■ **INPUT**
===

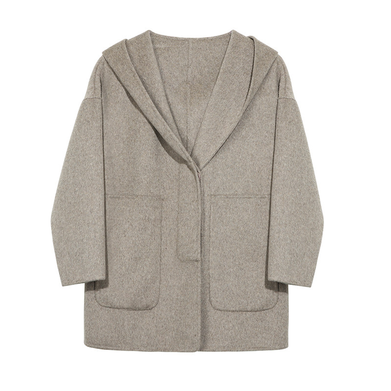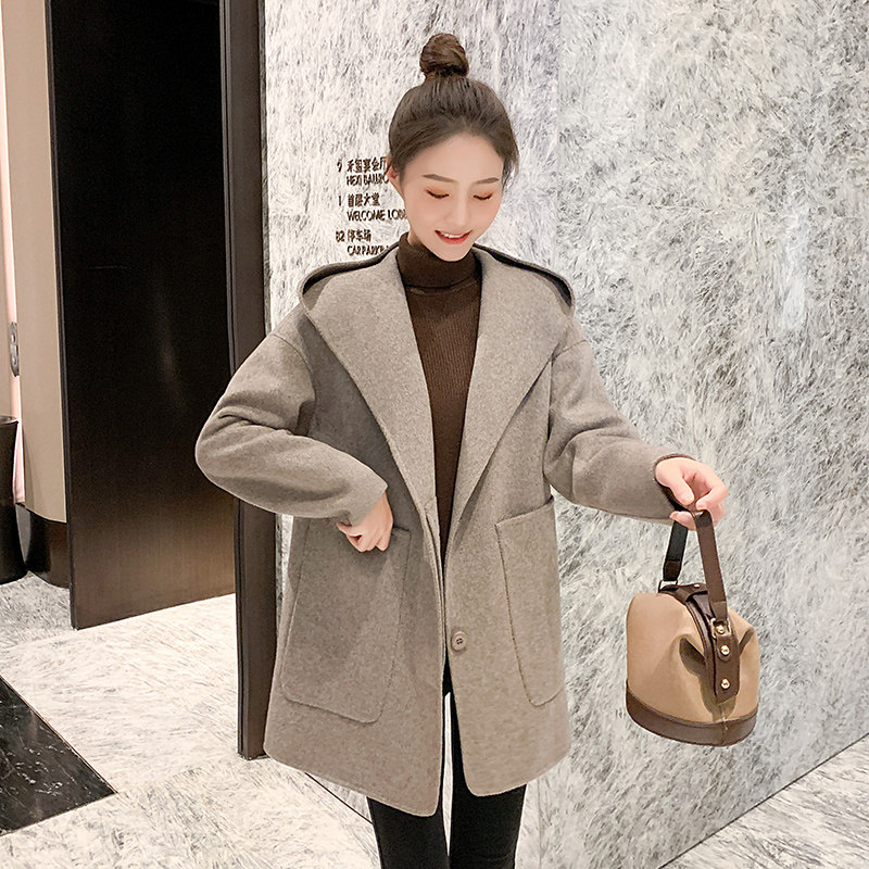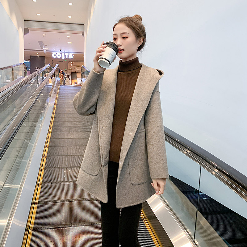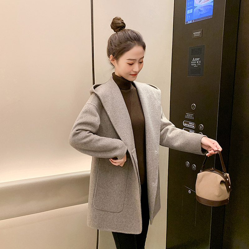 2025年新款女装春秋中长款毛呢外套女小个子连帽双面羊绒呢子大衣
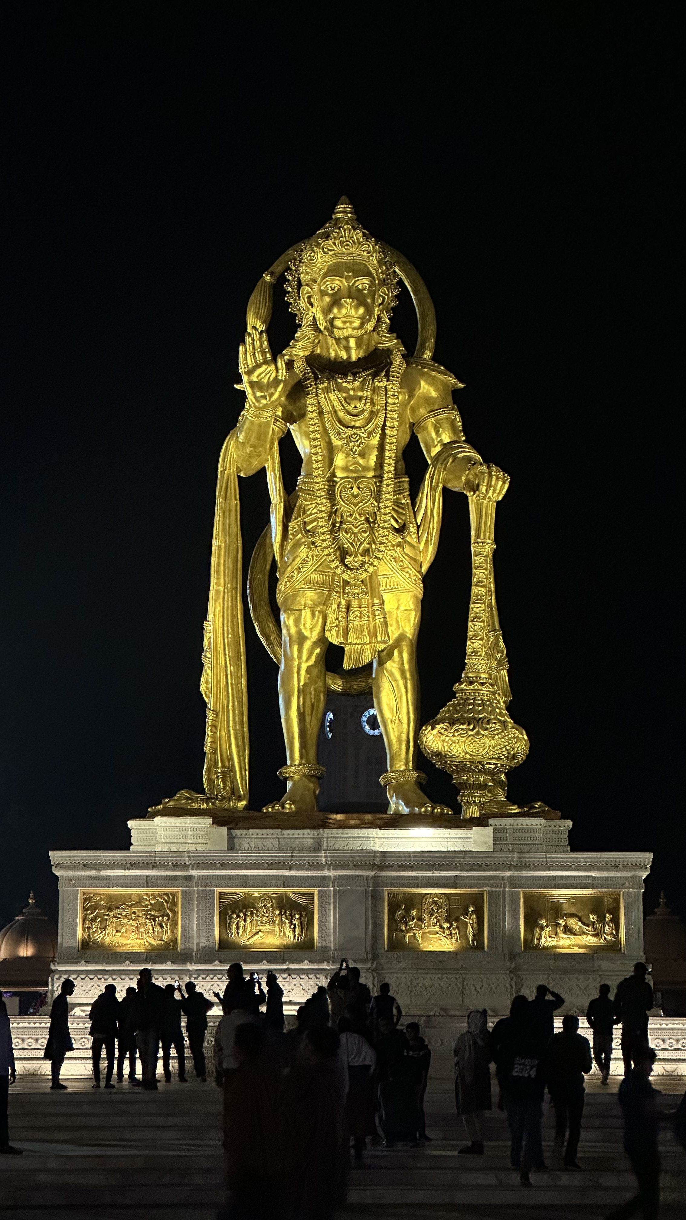 Behold the majestic presence of Hanuman, radiating golden light against the night sky! This captivating image captures the awe-inspiring statue of Pavanputra, a beacon of devotion and strength. You can almost feel the bhakti and shakti emanating from this sacred space. This darshan of Bajrangbali is a reminder of courage, loyalty, and selfless service. Make your phone a window to the divine, bringing the blessings of Hanuman into your everyday life! 🕉️✨🙏
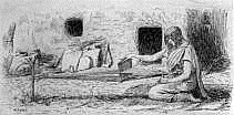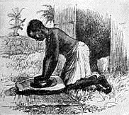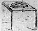 The mortar and pestle were followed by the slab-mill (Fig. 4). Here the grain was ground by being rubbed between two stones. Dr. Livingstone, the great African explorer, gives the following description of a slab-mill which he saw in operation in South Africa. "The operator kneeling grasps the upper millstone with both hands and works it backwards and forwards in the hollow of the lower millstone, in the same way that a baker works his dough. The weight of the person is brought to bear on the movable stone and while it is pressed and pushed forward and backward one hand supplies every now and then a little grain to be bruised and ground."
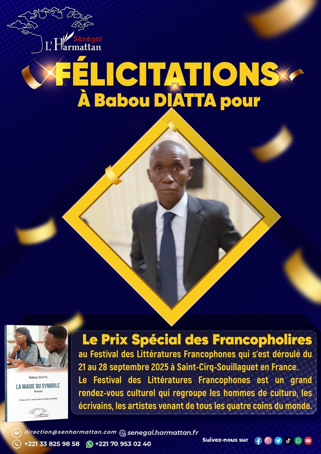 Dakar, 17 Oct (SL-INFO) – L’écrivain sénégalais Babou Diatta a été honoré du prix spécial des Francopholires pour son second ouvrage « La magie du symbole », lors du prestigieux Festival des Littératures Francophones, qui s’est tenu du 21 au 28 septembre 2025 à Saint-Cirq-Souillaguet, en France.
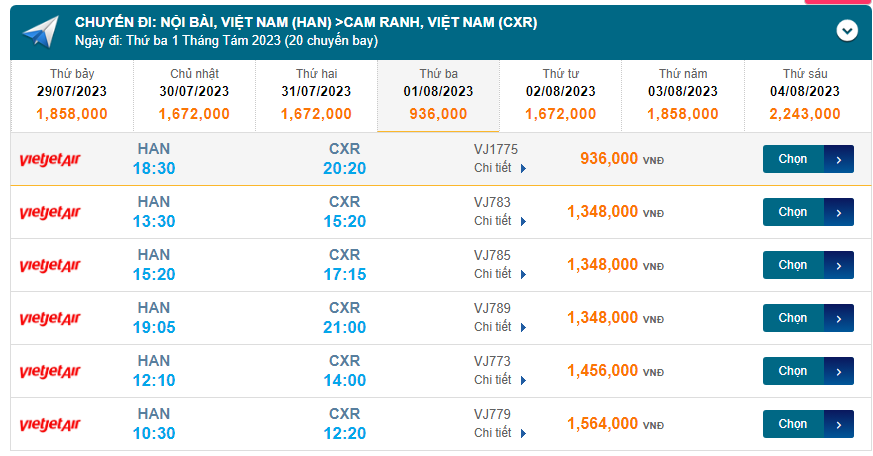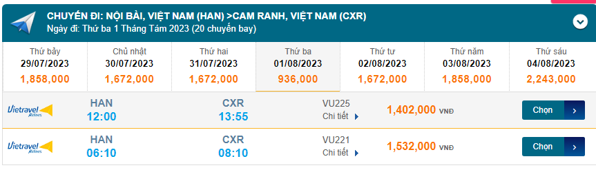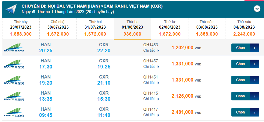 Nội Bài (HAN) đến Cam Ranh (CXR) Thứ ba 01/08/2023
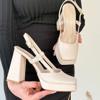 İNF-260 Beyaz Günlük Arkası Açık Baret Tokalı Topuklu Bayan Ayakkabı - Image 1
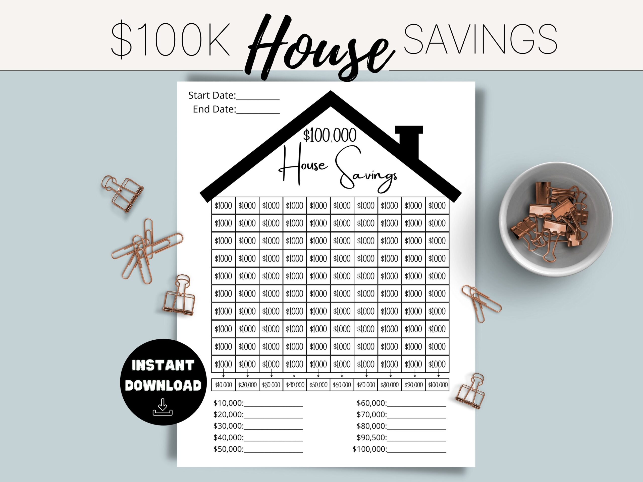 100k House Savings Challenge Tracker Template Printable Savings
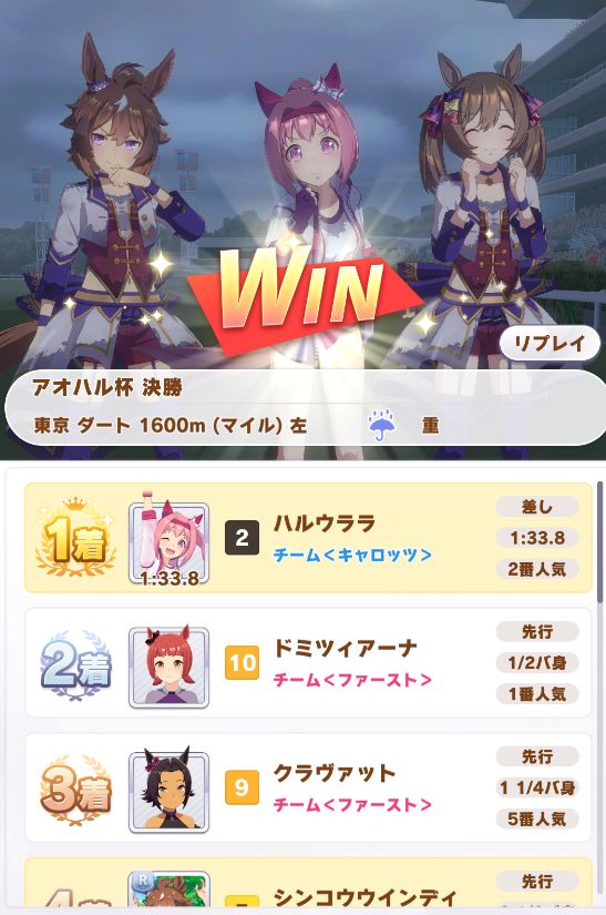アオハル杯決勝はビター、リトルに屈したものの、他は勝てて優勝

===

■ **EXERCISE OBJECTIVE**
Write out exactly the lines from the line holding "İNF-260 Beyaz Günlük" through the last line of the records above, inclusive, and nothing more. Leave out the pictures.

■ **YOUR RESPONSE**
 İNF-260 Beyaz Günlük Arkası Açık Baret Tokalı Topuklu Bayan Ayakkabı - Image 1
 100k House Savings Challenge Tracker Template Printable Savings
アオハル杯決勝はビター、リトルに屈したものの、他は勝てて優勝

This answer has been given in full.